The first warning was:
ℹ In argument: `across(Con:Others, as.numeric)`.
Caused by warning:
! NAs introduced by coercion
ℹ Run `dplyr::last_dplyr_warnings()` to see the 6 remaining warnings.
Warning: There was 1 warning in `mutate()`.
ℹ In argument: `date = dmy(paste0(day, " ", month, " ", 2024))`.
Caused by warning:
!  9 failed to parse.

This is still producing warnings suggesting it needs more work, but let’s push on and see what we can see with imperfect data wrangling.

Let’s take a look and see what the data looks like:

ggplot(polls_2024, aes(x = date, y = Con, colour = Pollster)) +
  geom_point() +
  ylim(0, 30) +

So we have lots of polls, lots of pollsters - and some of our polls seem to be in the future, and some pollsters have footnote labels attached to their names suggesting I haven’t got the parsing quite right yet. Let’s facet by pollster to see if we can see more about what is going on.

ggplot(polls_2024, aes(x = date, y = Con, group = Pollster, colour = Pollster)) +
  geom_line() +
  ylim(0, 30) +

There are some pollsters with lots of polls and some with many less - let’s look at how many polls each pollster has as I think I only care about pollsters with lots of polls.

polls_2024 %>% 
  group_by(Pollster) %>% 
  summarise(num_polls = n()) %>% 
  ggplot(aes(y = num_polls, x = fct_reorder(Pollster, num_polls))) + # Puts them in order of most polls
  geom_bar(stat = "identity") +

Let’s cut off at 10 polls.

polls_2024_sel <- polls_2024 %>% 
  group_by(Pollster) %>% 
  mutate(num_pols = n()) %>% 
  filter(num_pols >= 10)

# What does the data look like by pollster

ggplot(polls_2024_sel, aes(x = date, y = Con, group = Pollster, colour = Pollster)) +
  geom_line() +
  ylim(0, 30)

There do seem to be house effects - putting different pollsters higher or lower, but there also seem to be house effects in how the support is shifting - this is clearer with a faceted smoothed plot.

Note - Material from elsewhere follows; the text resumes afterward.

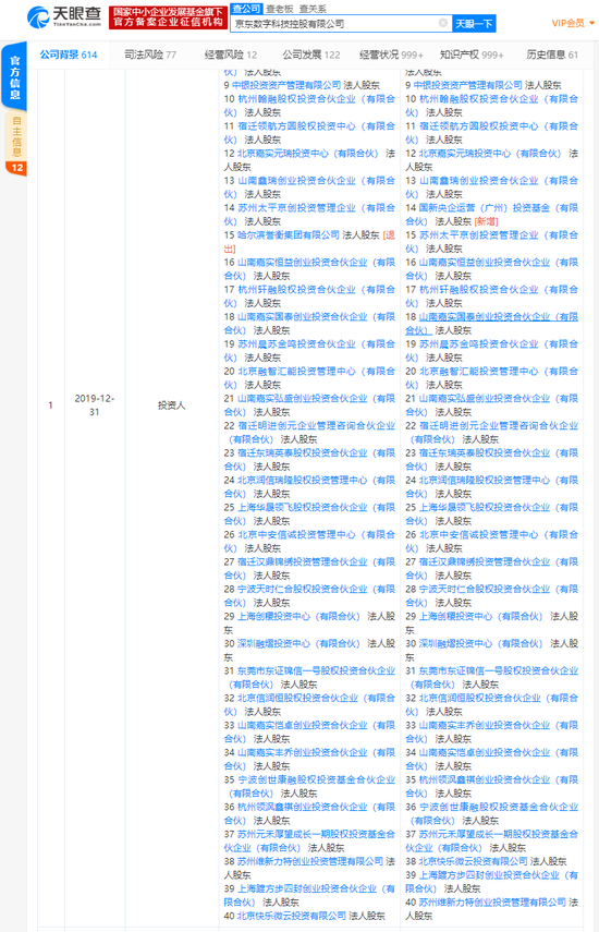 科技讯 1月9日上午消息,天眼查数据显示,12月31日,京东数科的运营主体京东数字科技控股有限公司发生工商变更,投资人哈尔滨誉衡集团有限公司退出,新增投资人为国新央企的投资实体之一国新央企运营(广州)投资基金(有限合伙)。

ggplot(polls_2024_sel, aes(x = date, y = Con, group = Pollster, colour = Pollster)) +
  geom_smooth() +
  ylim(0, 30) +
`geom_smooth()` using method = 'loess' and formula = 'y ~ x'

So it’s pretty clear there are house effects - the next challenge is to work out how we take that into account. I feel a multi-level model coming on.

At which point I think the appropriate phrase is: “Tune in next time”

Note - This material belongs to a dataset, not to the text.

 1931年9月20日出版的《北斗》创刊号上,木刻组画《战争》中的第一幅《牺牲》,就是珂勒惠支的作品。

Multi-level models are still looking appropriate, but also complicated. But what I realised today is that the most sensible thing to test is not an individual party’s vote, but the poll lead - which should catch the house effects of influencing the polling for both Conservative and Labour parties.

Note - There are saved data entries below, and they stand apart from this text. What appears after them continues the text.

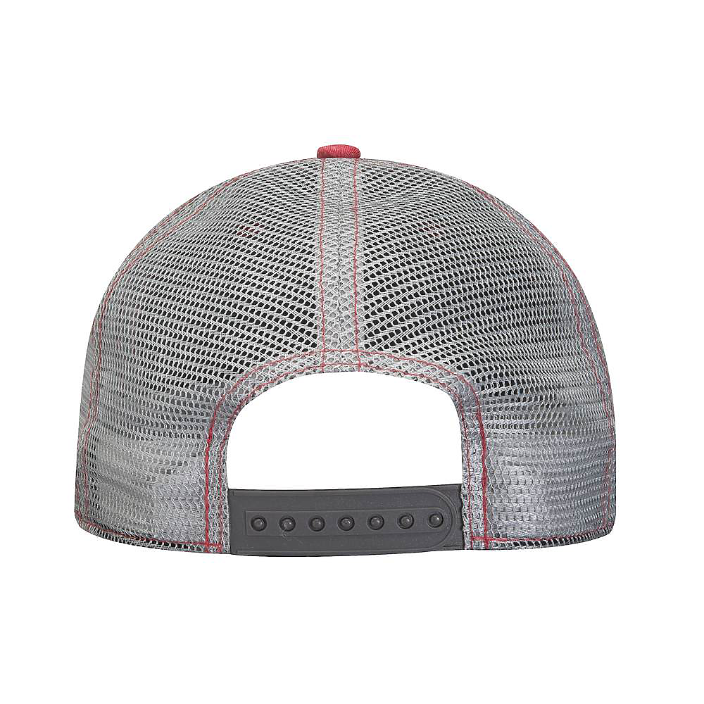 • charcoal gray front panel with light gray nylon mesh back panels and contrast color visor
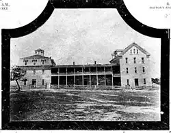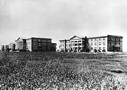 The TCU campus in Fort Worth in 1910–11 consisted of four buildings: Clark Hall and Goode Hall, the men's dormitories; Jarvis Hall, the women's dormitory; and the Main Administration building (now Reed Hall).
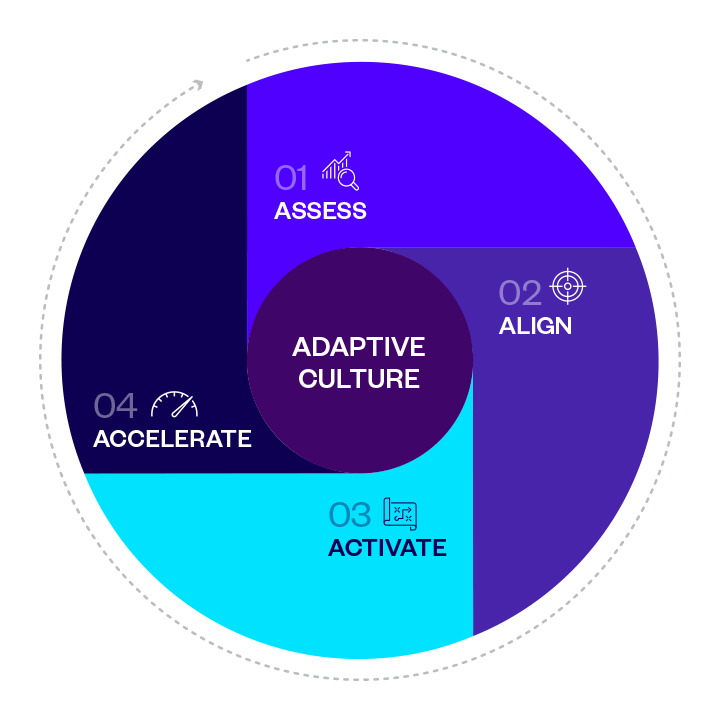 To make lasting change, you’ll start by assessing where you are now to establish a benchmark and focus your journey on desired results. Then you’ll define and align your purpose, strategy, and culture to achieve those results. With alignment, you’re ready to activate and equip your organization to make and accelerate progress. The iterative process returns to assessment to pivot where needed and drive continuous improvement, better business outcomes, and sustainability.
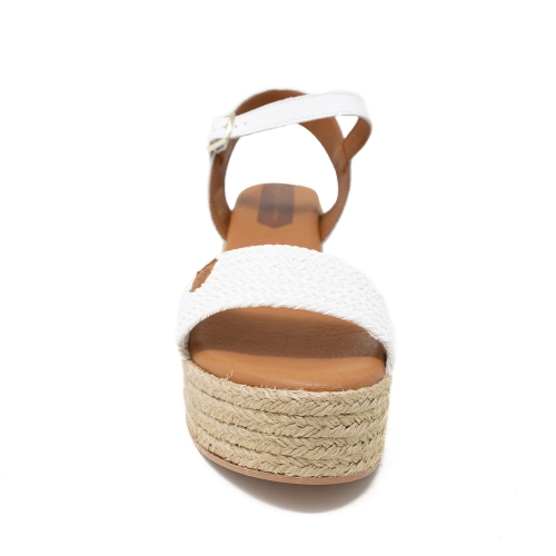 Comodidad y elegancia son sinónimos en el modelo Arnia y es que ambos términos describen a esta magnífica cuña tacón. En material yute y diferentes materiales en su tira delantera y trasera.
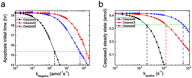 Figure 6: Effects of the two type feedback loops on apoptosis pattern. a. Negative feedback loop of caspases on NFκB decreases the initial time of apoptosis. Black, red and blue lines represent the change of apoptosis initial time with the negative feedback strength of caspase8, 3 and 6 on NFκB, respectively. b. Positive feedback loop of caspases on NFκB decreases the steady state level of execution protein. Black, red and blue lines represent the change of steady state of caspase3 with the negative feedback strength of caspase8, 3 and 6 on NF-κB, respectively. The green dashed lines correspond to the 20% decrease of the corresponding pattern, which are used to determine the reasonable strength region for the caspases.
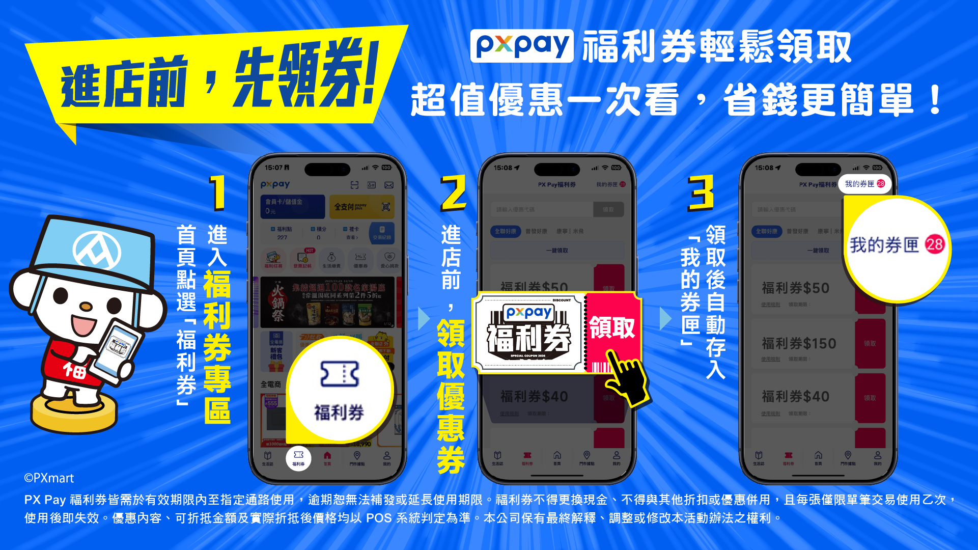 「PX Pay福利券」正式升級上線後,全聯提醒消費者,「進店前記得先領券」。會員僅需三步驟即可完成領取:第一步,進入 PX Pay 首頁點選「福利券」專區;第二步,於進店前開啟 APP,一鍵領取所有可用的福利券;第三步,領券後優惠將自動存入「我的券匣」,到門市結帳即可直接折抵。APP會員介面包括各面額福利券以及券匣中累積張數,整體介面更直覺、易操作。

ggplot(polls_2024_sel, aes(x = date, y = as.numeric(Lead), group = Pollster, colour = Pollster)) +
  geom_smooth() +
  ylim(0, 30) +
`geom_smooth()` using method = 'loess' and formula = 'y ~ x'

So it looks like everyone things the lead has been steadily increasing - except for ‘More in Common’ and more dramatically YouGov.

ggplot(polls_2024_sel, aes(x = date, y = as.numeric(Lead), group = Pollster, colour = Pollster)) +
  geom_smooth(se = FALSE) +
  ylim(0, 30) 
`geom_smooth()` using method = 'loess' and formula = 'y ~ x'

A bit clearer in the non-faceted plot. Well, not long ’til we find out who was right.